- What you need to do:
Although the records contain pictures, none belong in the copy: restate word for word only the lines from the one with "ページ内には2枚の写真をセット可能で、和装・洋装の2シーンを一冊にまとめたり、" through the one with "107. Wizard riding", both included.

═══ Data under study

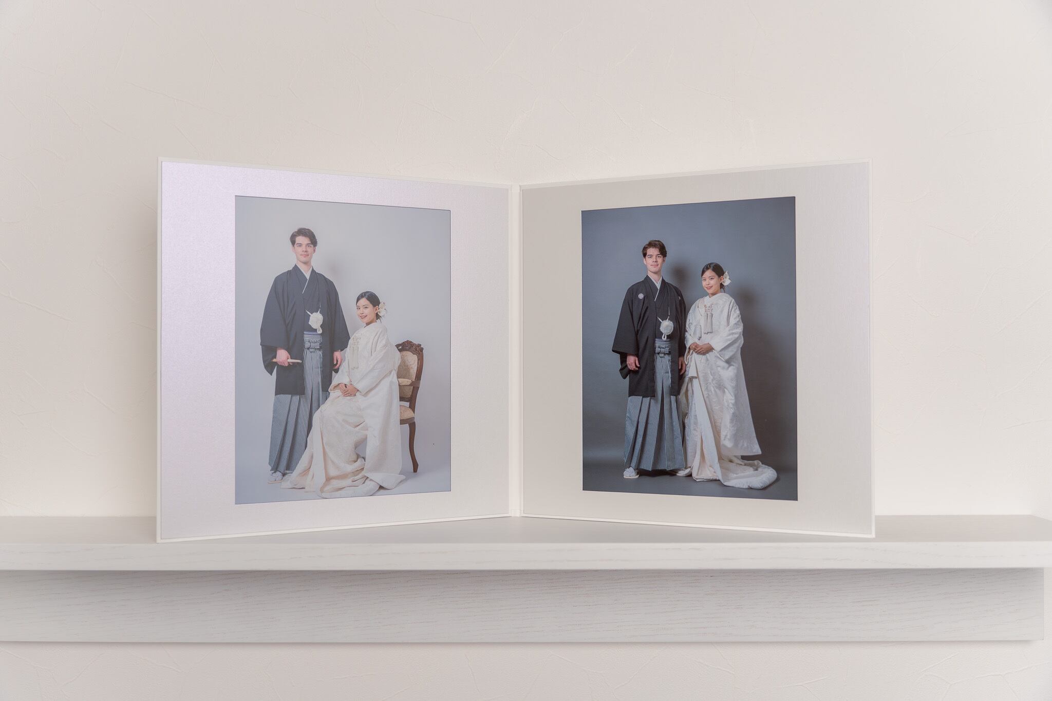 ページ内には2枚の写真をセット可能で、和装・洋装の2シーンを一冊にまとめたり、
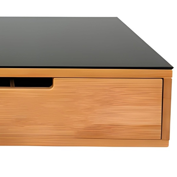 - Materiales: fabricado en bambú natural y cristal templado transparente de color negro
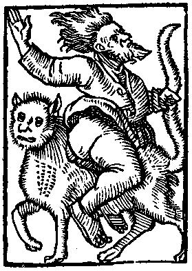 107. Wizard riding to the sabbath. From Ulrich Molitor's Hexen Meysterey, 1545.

══════
═══ Data under study

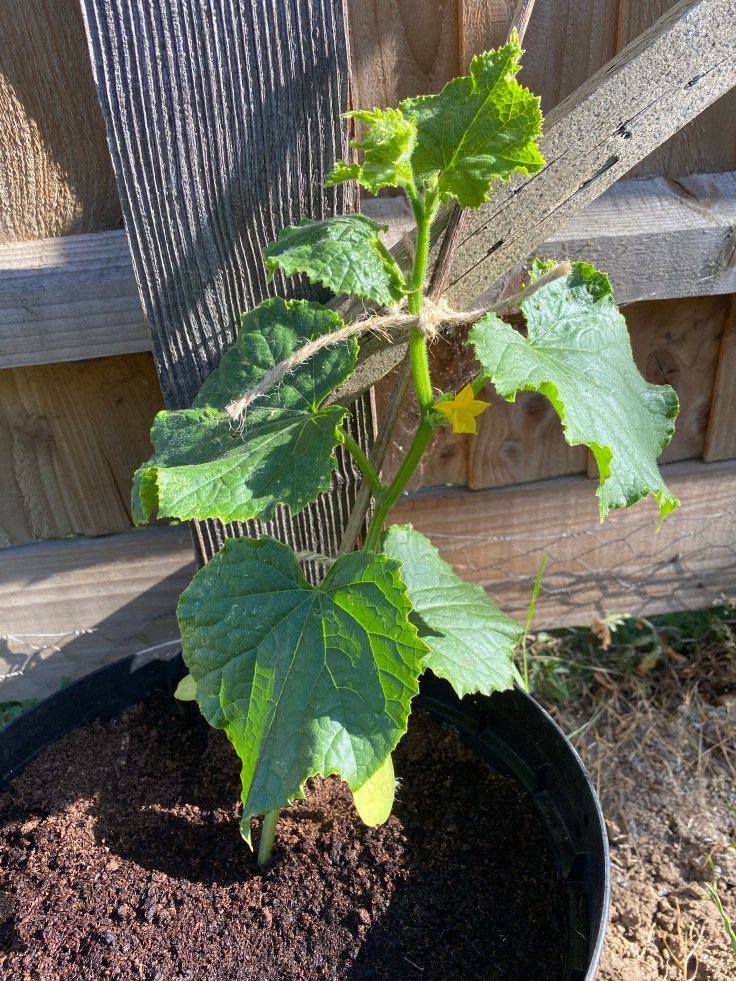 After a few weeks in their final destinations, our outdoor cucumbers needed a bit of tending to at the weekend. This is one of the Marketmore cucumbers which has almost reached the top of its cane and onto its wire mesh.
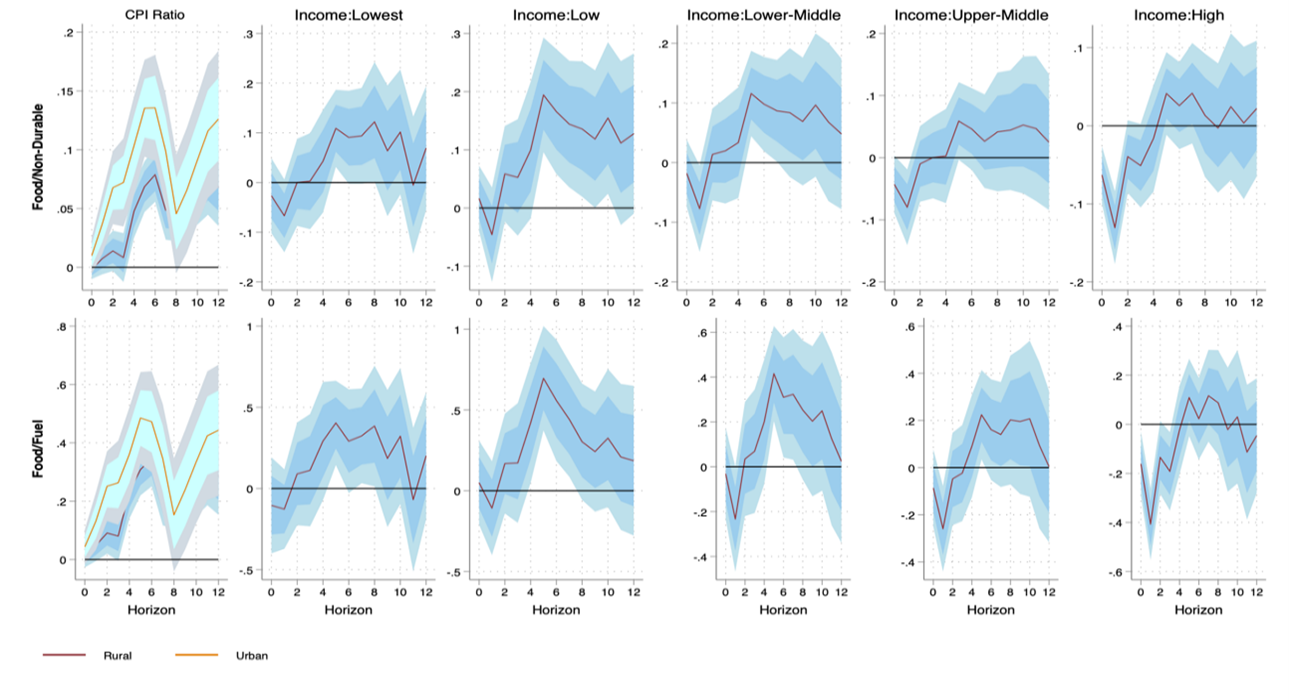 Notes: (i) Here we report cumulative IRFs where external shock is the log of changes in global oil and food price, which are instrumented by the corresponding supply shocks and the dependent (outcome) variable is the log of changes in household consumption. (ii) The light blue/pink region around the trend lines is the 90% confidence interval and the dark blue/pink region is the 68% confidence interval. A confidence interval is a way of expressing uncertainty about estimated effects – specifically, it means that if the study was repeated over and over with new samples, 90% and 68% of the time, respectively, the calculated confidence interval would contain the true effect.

══════
═══ Data under study

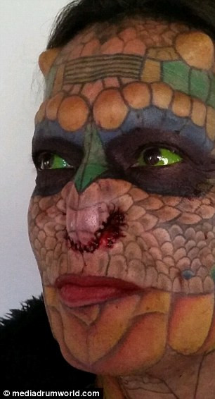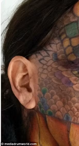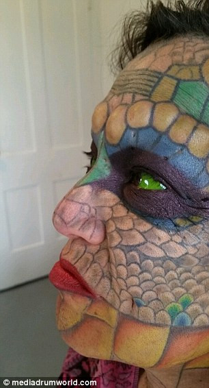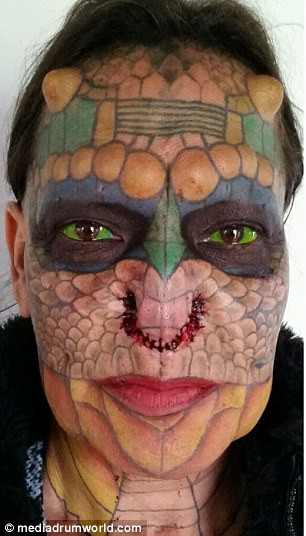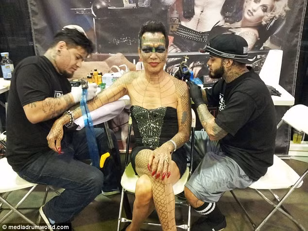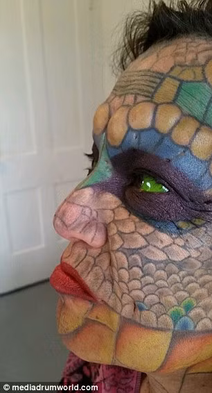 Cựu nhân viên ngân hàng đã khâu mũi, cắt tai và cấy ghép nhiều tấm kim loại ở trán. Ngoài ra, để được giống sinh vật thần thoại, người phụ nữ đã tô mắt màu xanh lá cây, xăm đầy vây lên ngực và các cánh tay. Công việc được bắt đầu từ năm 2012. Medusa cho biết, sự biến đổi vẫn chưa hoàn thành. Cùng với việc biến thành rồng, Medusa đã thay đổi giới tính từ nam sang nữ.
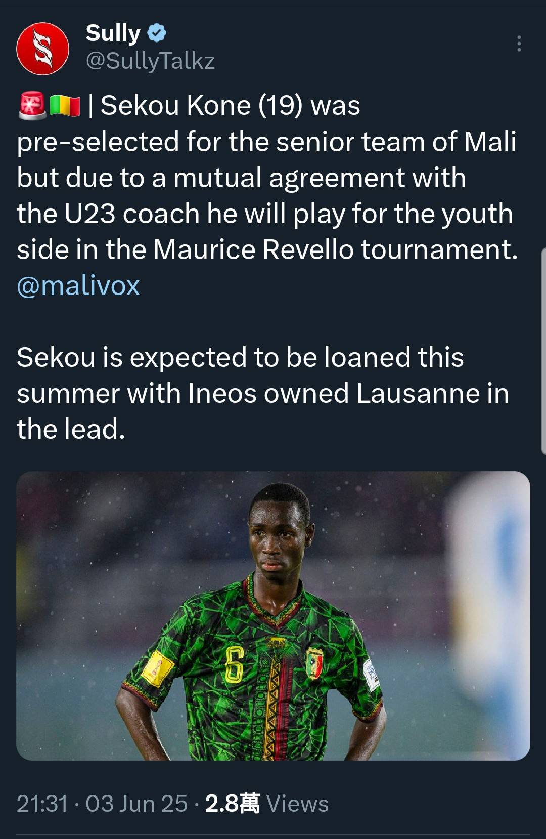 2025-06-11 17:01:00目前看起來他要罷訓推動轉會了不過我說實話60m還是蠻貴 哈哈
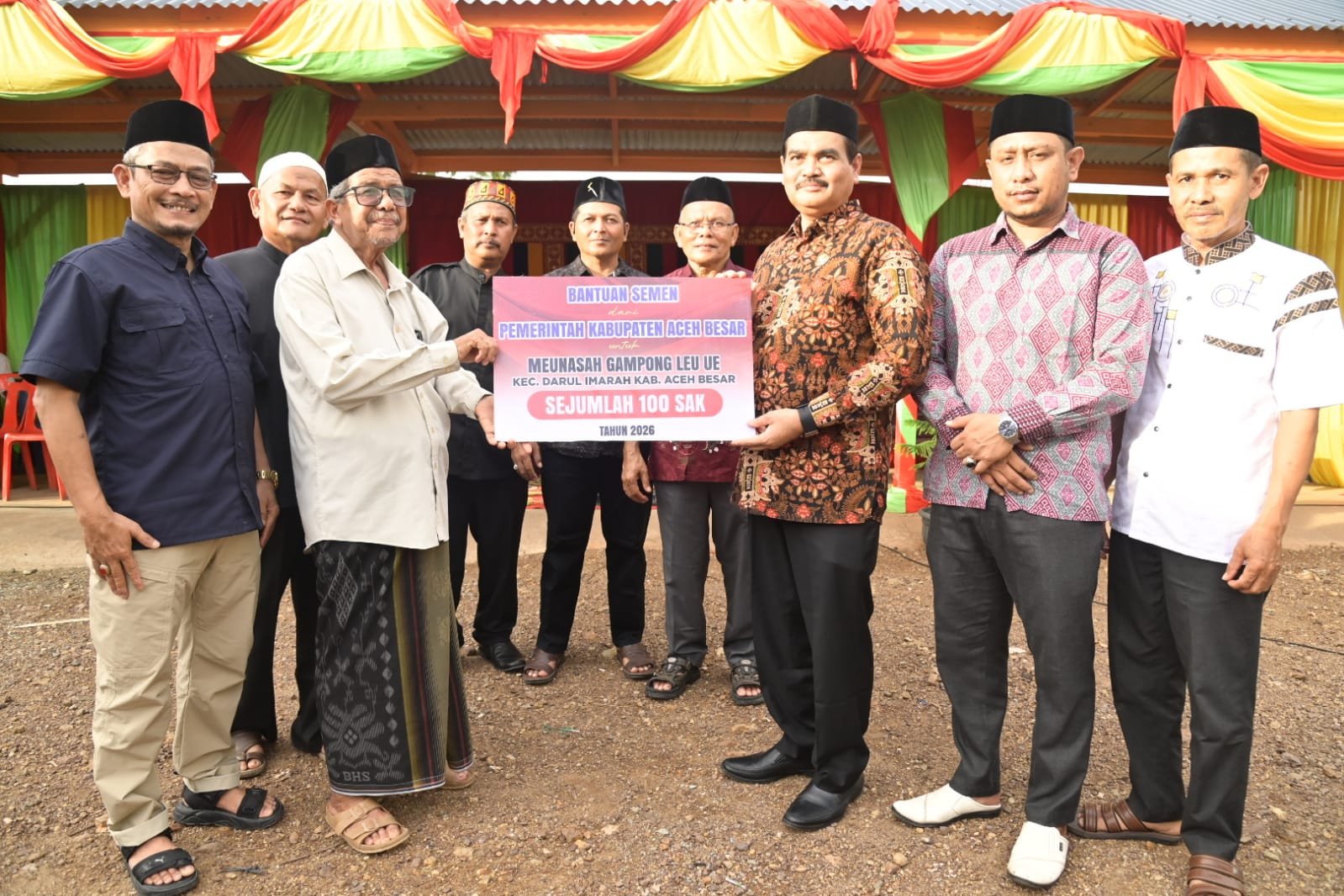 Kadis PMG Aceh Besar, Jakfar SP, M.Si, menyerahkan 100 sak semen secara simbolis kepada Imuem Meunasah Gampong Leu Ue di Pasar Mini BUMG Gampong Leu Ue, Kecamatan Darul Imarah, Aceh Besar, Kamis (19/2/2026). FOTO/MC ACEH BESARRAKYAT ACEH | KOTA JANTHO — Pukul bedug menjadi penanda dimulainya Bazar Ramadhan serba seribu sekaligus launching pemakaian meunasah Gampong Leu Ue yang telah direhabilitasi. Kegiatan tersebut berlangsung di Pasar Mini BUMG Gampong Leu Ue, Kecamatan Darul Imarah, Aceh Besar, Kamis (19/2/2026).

══════

- Answer space:
 ページ内には2枚の写真をセット可能で、和装・洋装の2シーンを一冊にまとめたり、
 - Materiales: fabricado en bambú natural y cristal templado transparente de color negro
 107. Wizard riding to the sabbath. From Ulrich Molitor's Hexen Meysterey, 1545.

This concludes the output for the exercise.